Background: Normal cell cultures are invaluable in the analysis of cell differentiation and neoplastic transformation.
Experimental design: We have developed methods to reproducibly culture normal pancreas epithelial cells. The characteristics of the cultures were analyzed using ultrastructural methods, antibodies, and cDNA probes detecting epithelial differentiation markers.

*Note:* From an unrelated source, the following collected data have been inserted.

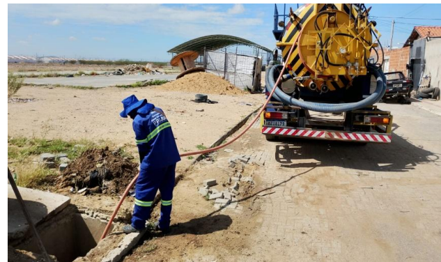
RUA G - SEWERJET
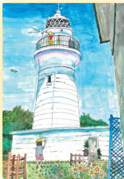
海岬灯台 (和歌山県)
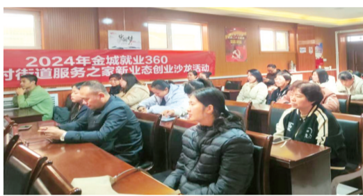
创业沙龙授课现场。

为赋能辖区居民创新创业，激励辖区居民群众的就业创业能力，近日，兰州市城关区铁路东村街道开展“金城就业360”服务之家创业沙龙活动，吸引辖区30余名有创业意向的居民参与。
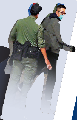
圖為攬炒政棍楊岳橋由囚車押返收押所。
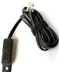
DN-S-T/H Czujnik temperatury/wilgotności
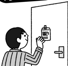
よう き とびら は 容器をトイレの扉に貼っておく
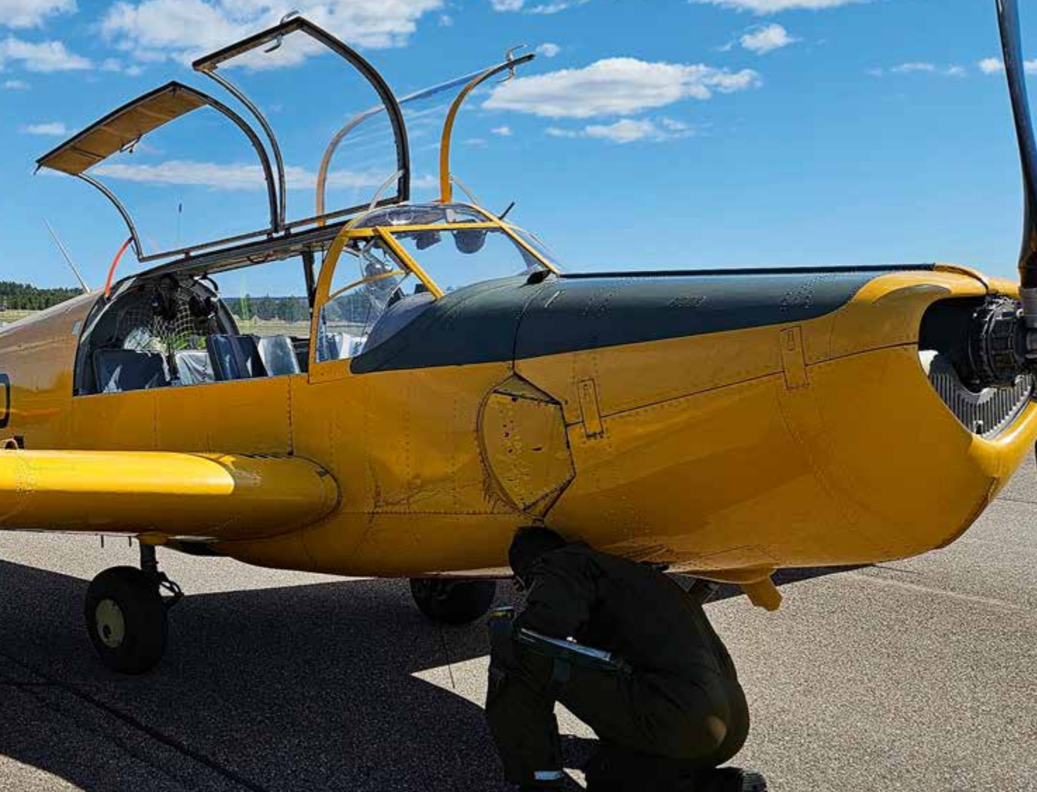
Väntan innan flygningen med SK50. Foto: Mats Karlström (från 2024).

eller att ta ut en MGRS koordinat på platsen. Alla moment under marschen var delar av en tävling, så det lag som lyckats med flest utmaningar och utförde hela uppgiften vann. FK-eleverna sov ute varje natt, en natt i tält och de andra två nätterna i bivacker som vi själva byggde.
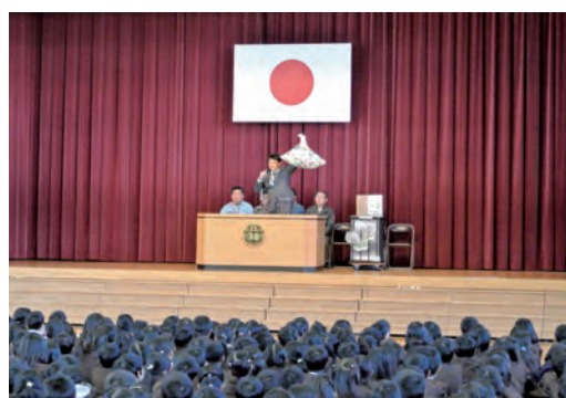
▲長浜市立神照小学校

児童らにキャップリサイクルの見える化と、作業所で働く障害者のキャップ回収・分別などリサイクル活動への関わりを知ってもらうことによる、環境学習・福祉学習に貢献する取組みです。

Results: Normal pancreas tissue (N = 56) was obtained from organ donors; isolation of highly enriched exocrine fraction consistently yielded epithelial cultures. In vitro proliferation assays revealed a lag growth phase of 2 days followed by a proliferative phase until 8. Epithelial cells formed a polarized monolayer displaying apical microvilli, tight junctions, and desmosomes. Zymogen granules were not observed. A panel of mouse monoclonal antibodies detecting differentiation antigens of epithelial cells was used to determine the phenotype of the cultures: all cells expressed cytokeratin polypeptides of simple epithelial (CK 7, CK 8, CK 18, and CK 19), whereas polypeptides typical of stratified epithelial (CK 5, CK 10, CK 13, and CK 16) were not detected. Cultured cells expressed the MUC1 apomucin as well as mucin-associated carbohydrate epitopes. Expression of the cystic fibrosis transmembrane regulator was demonstrated at the RNA level. Secretin induced a very high stimulation of cAMP levels.
Conclusions: The ultrastructural characteristics, molecular markers, and hormone responsiveness of the cultures suggest a ductal cell phenotype. These cultures should be useful in the analysis of pancreas growth and differentiation.